#### DATA IN THIS EXERCISE ####
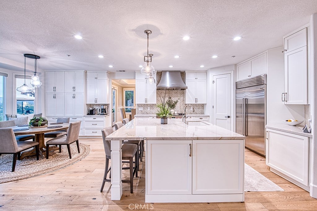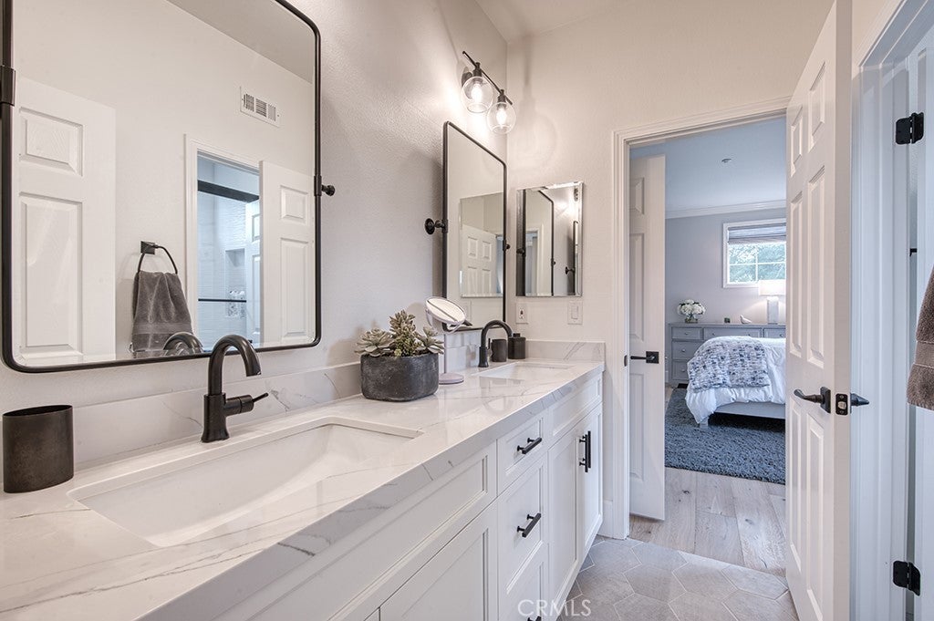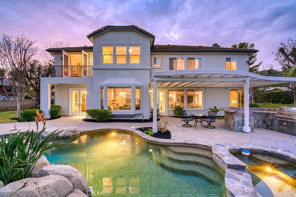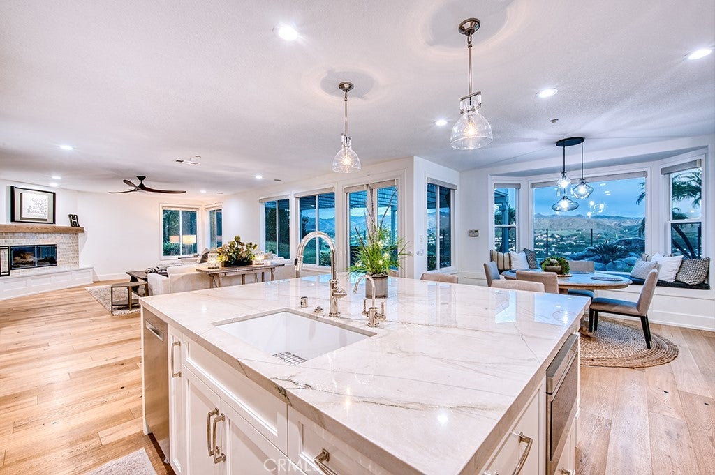 Look no further than this beautifully remodeled estate with extraordinary panoramic views atop the highly desirable street of Panorama in the Pinnacle tract of Coto de Caza! Not only does 6 Panorama offer incredible views that span Saddleback Mountain through Coto de Caza and beyond, this home also presents a completely remodeled interior showcasing high-end design at every turn. From the moment you step inside, you'll find two-story ceilings that showcase a bright and open floor plan. The main level is thoughtfully designed for both everyday living and elevated entertaining, featuring a formal dining room off the kitchen, an inviting living room with fireplace, a private office, and a beautifully remodeled chef’s kitchen equipped with high-end stainless steel appliances, a beverage fridge, and a walk-in pantry. A convenient downstairs bedroom, full bath, laundry room, and additional half bath provide flexibility for guests or multigenerational living. Upstairs, the luxurious primary suite is a true retreat, highlighted by a stunning remodeled spa-inspired bathroom with dual sink vanities, a walk-in closet, a soaking jetted tub and walk-in shower. A spacious bonus room offers endless possibilities for a media lounge, playroom, or home gym. Three additional spacious secondary bedrooms include a Jack-and-Jill layout and a separate full en-suite, offering comfort and privacy for family and guests alike. The expansive backyard boasts a generous lawn, sparkling pool and spa, built-in BBQ center, and sleek glass fencing that perfectly frames the home’s breathtaking panoramic views. Whether hosting gatherings or enjoying quiet sunsets, you'll love what this home has to offer. Experience the best of Coto de Caza, where premier living meets award-winning schools, a world-class Golf & Racquet Club, scenic sports parks, and easy access to hiking, biking, and equestrian trails. No Mello roos=low tax rate. Newer top of the line HVAC Systems and repiped home.
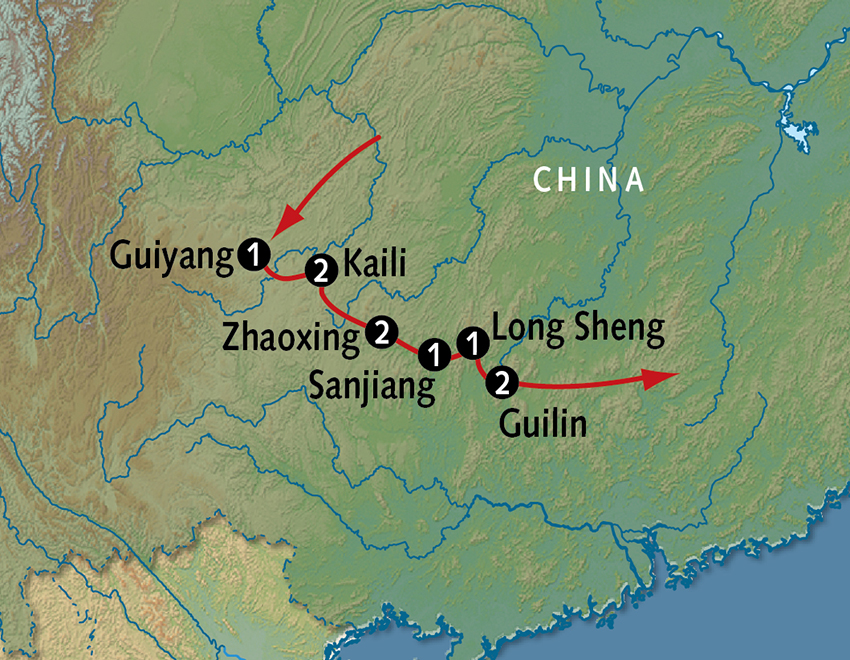 Today’s scenic overland journey brings you to Guangxi province, renowned for its amazing agricultural terraces that climb up the mountainsides giving the region its nickname, the Dragon’s Backbone! Arrive in Longsheng and check in to the enchanting Li-An Lodge, built atop a ridge with magnificent views over the rice terraces of Ping’an village. With only 16 guestrooms, this intimate lodge is stylishly accented with regional arts and crafts. After time to refresh, join your guide to explore the village and take in the sweeping panorama of the Dragon’s Backbone! Meals B,L,D
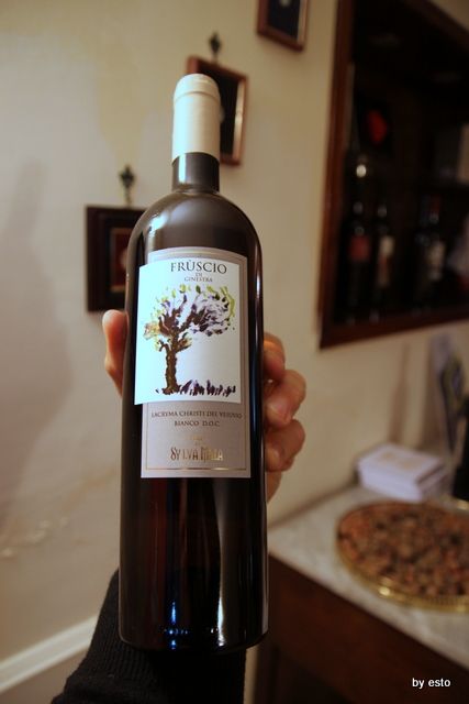 In abbinamento alle due entréeci è stato servito il “Frùscio di Ginestra”, il Lacryma Christi bianco DOC di Terre di Sylva Mala, un blend di Coda di Volpe (Caprettone) all’80% e Falanghina al 20%. Annata 2010, alcol 12,5%. Un vino di un colore dorato, pulito e brillante che al naso rilascia aromi di frutta matura e fiori. In bocca è morbido, caldo e appagante, dotato di bella freschezza, dal sapore minerale e con un finale alla mandorla.
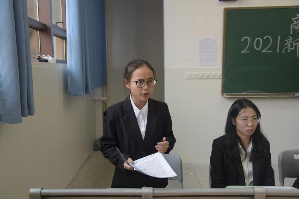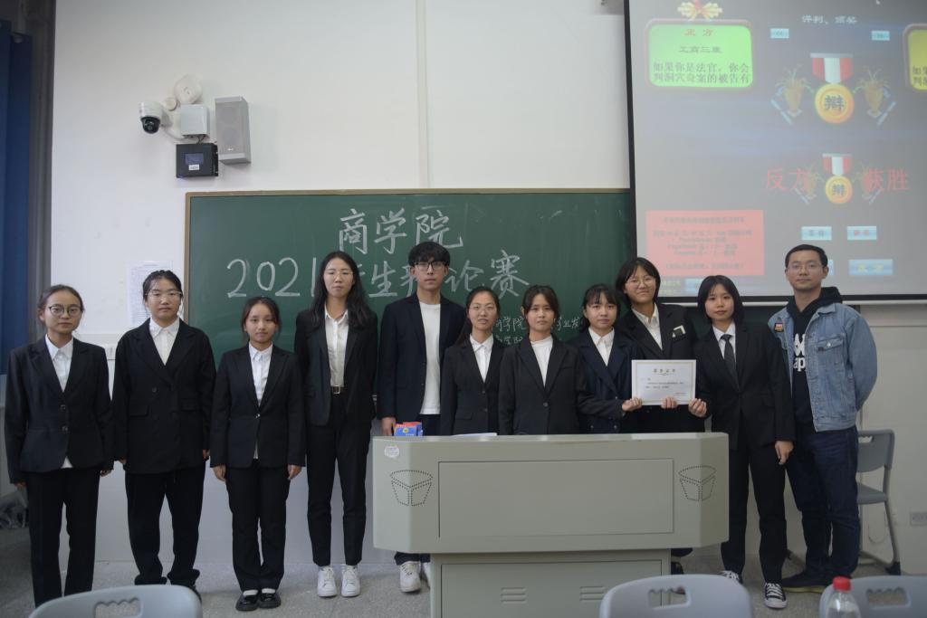 (通讯员 邓佳乐 谢孟洁 邬明佳)11月13日下午,商学院在中和楼114教室举办2021级新生辩论赛决赛,21级辅导员刘志勇出席此次比赛,新传院徐嘉钰、外院李思璇、法学院阙雨清、教科院夏萁、新传院陈文豪担任评委,商学院辩论队队长黄逸凡担任主持人。
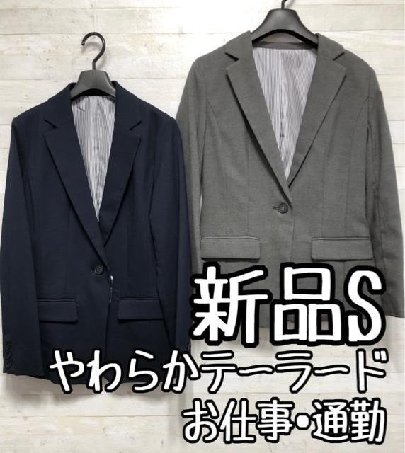 - 新品☆S♪紺&グレー系♪ストライプ柄裏地付やわらかジャケット2枚〇B867
####
> PROBLEM TO SOLVE
Copy out each record word for word and omit any pictures.

> RESPONSE TO THIS EXERCISE
 Look no further than this beautifully remodeled estate with extraordinary panoramic views atop the highly desirable street of Panorama in the Pinnacle tract of Coto de Caza! Not only does 6 Panorama offer incredible views that span Saddleback Mountain through Coto de Caza and beyond, this home also presents a completely remodeled interior showcasing high-end design at every turn. From the moment you step inside, you'll find two-story ceilings that showcase a bright and open floor plan. The main level is thoughtfully designed for both everyday living and elevated entertaining, featuring a formal dining room off the kitchen, an inviting living room with fireplace, a private office, and a beautifully remodeled chef’s kitchen equipped with high-end stainless steel appliances, a beverage fridge, and a walk-in pantry. A convenient downstairs bedroom, full bath, laundry room, and additional half bath provide flexibility for guests or multigenerational living. Upstairs, the luxurious primary suite is a true retreat, highlighted by a stunning remodeled spa-inspired bathroom with dual sink vanities, a walk-in closet, a soaking jetted tub and walk-in shower. A spacious bonus room offers endless possibilities for a media lounge, playroom, or home gym. Three additional spacious secondary bedrooms include a Jack-and-Jill layout and a separate full en-suite, offering comfort and privacy for family and guests alike. The expansive backyard boasts a generous lawn, sparkling pool and spa, built-in BBQ center, and sleek glass fencing that perfectly frames the home’s breathtaking panoramic views. Whether hosting gatherings or enjoying quiet sunsets, you'll love what this home has to offer. Experience the best of Coto de Caza, where premier living meets award-winning schools, a world-class Golf & Racquet Club, scenic sports parks, and easy access to hiking, biking, and equestrian trails. No Mello roos=low tax rate. Newer top of the line HVAC Systems and repiped home.
 Today’s scenic overland journey brings you to Guangxi province, renowned for its amazing agricultural terraces that climb up the mountainsides giving the region its nickname, the Dragon’s Backbone! Arrive in Longsheng and check in to the enchanting Li-An Lodge, built atop a ridge with magnificent views over the rice terraces of Ping’an village. With only 16 guestrooms, this intimate lodge is stylishly accented with regional arts and crafts. After time to refresh, join your guide to explore the village and take in the sweeping panorama of the Dragon’s Backbone! Meals B,L,D
 In abbinamento alle due entréeci è stato servito il “Frùscio di Ginestra”, il Lacryma Christi bianco DOC di Terre di Sylva Mala, un blend di Coda di Volpe (Caprettone) all’80% e Falanghina al 20%. Annata 2010, alcol 12,5%. Un vino di un colore dorato, pulito e brillante che al naso rilascia aromi di frutta matura e fiori. In bocca è morbido, caldo e appagante, dotato di bella freschezza, dal sapore minerale e con un finale alla mandorla.
 (通讯员 邓佳乐 谢孟洁 邬明佳)11月13日下午,商学院在中和楼114教室举办2021级新生辩论赛决赛,21级辅导员刘志勇出席此次比赛,新传院徐嘉钰、外院李思璇、法学院阙雨清、教科院夏萁、新传院陈文豪担任评委,商学院辩论队队长黄逸凡担任主持人。
 - 新品☆S♪紺&グレー系♪ストライプ柄裏地付やわらかジャケット2枚〇B867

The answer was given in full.